Work instruction
Look below for the line with "da costa na". Retype it and every line after it to the end, exactly, but leave out the pictures.

Dataset extract
====================
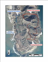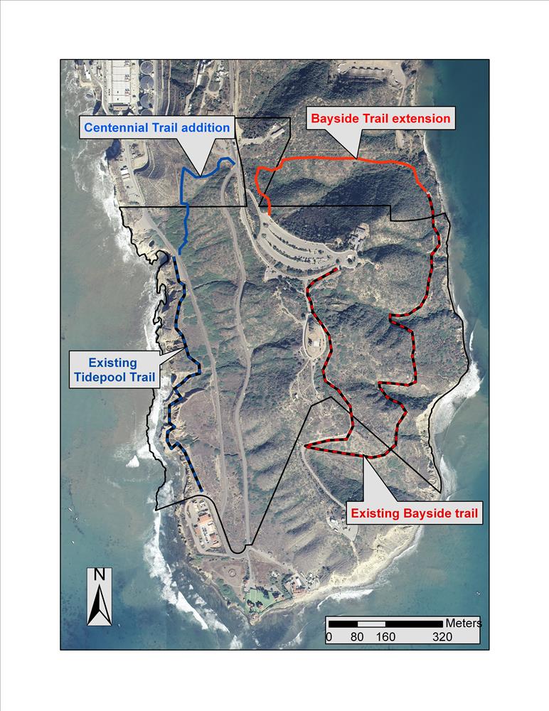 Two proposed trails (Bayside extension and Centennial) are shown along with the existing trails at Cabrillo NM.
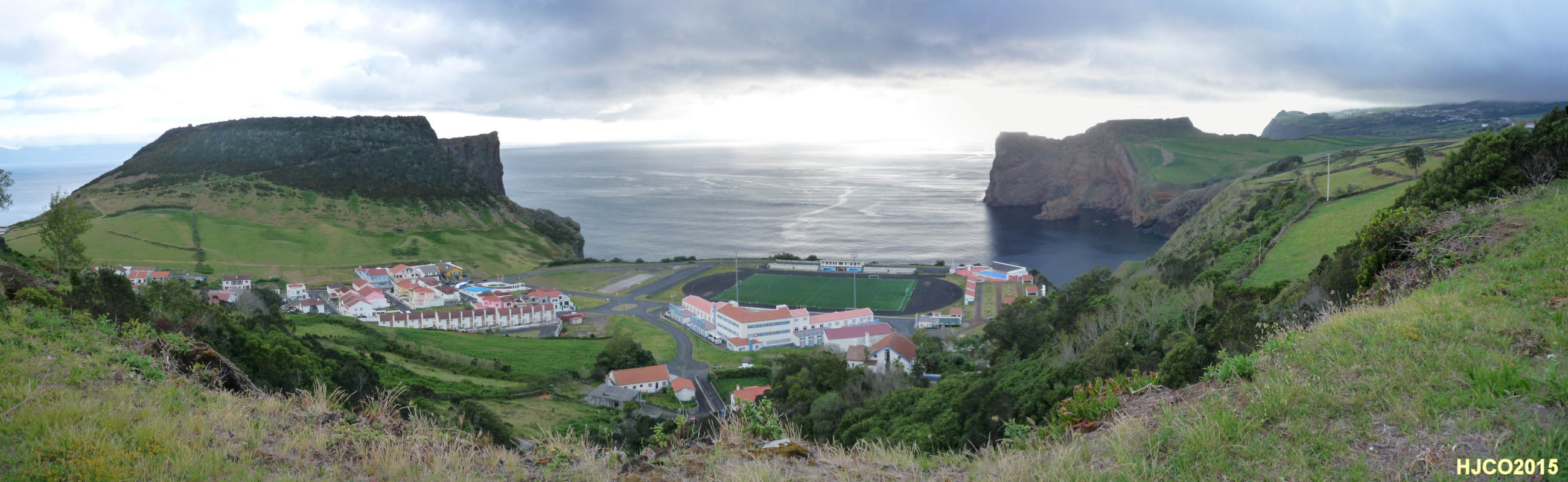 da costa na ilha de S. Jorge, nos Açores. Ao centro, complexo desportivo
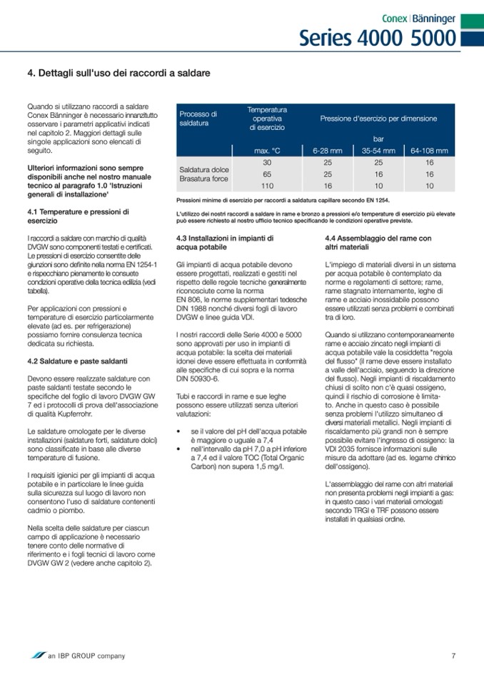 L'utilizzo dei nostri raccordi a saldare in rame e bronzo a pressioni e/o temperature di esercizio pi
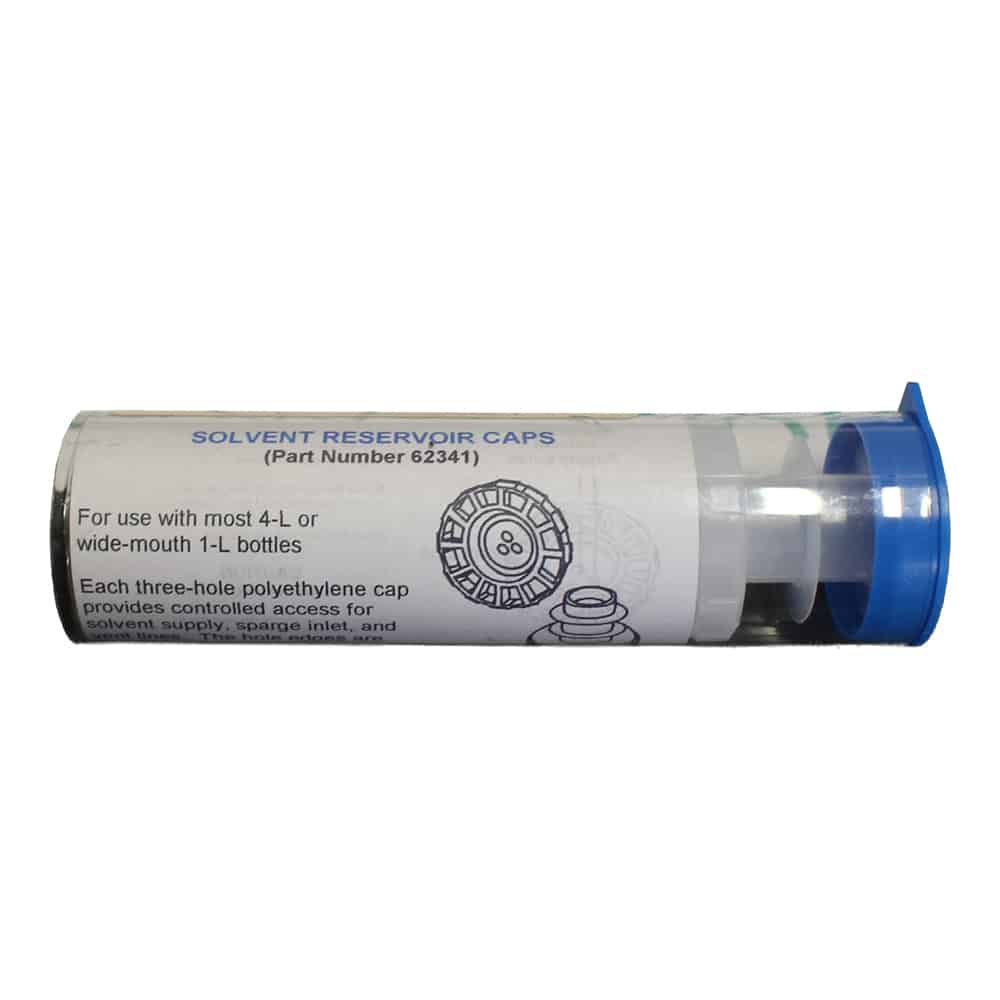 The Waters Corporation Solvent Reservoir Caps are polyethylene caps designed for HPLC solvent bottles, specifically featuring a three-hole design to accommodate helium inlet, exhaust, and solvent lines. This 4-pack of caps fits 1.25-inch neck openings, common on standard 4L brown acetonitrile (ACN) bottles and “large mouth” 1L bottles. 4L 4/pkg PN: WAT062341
====================
Answer space
 da costa na ilha de S. Jorge, nos Açores. Ao centro, complexo desportivo
 L'utilizzo dei nostri raccordi a saldare in rame e bronzo a pressioni e/o temperature di esercizio pi
 The Waters Corporation Solvent Reservoir Caps are polyethylene caps designed for HPLC solvent bottles, specifically featuring a three-hole design to accommodate helium inlet, exhaust, and solvent lines. This 4-pack of caps fits 1.25-inch neck openings, common on standard 4L brown acetonitrile (ACN) bottles and “large mouth” 1L bottles. 4L 4/pkg PN: WAT062341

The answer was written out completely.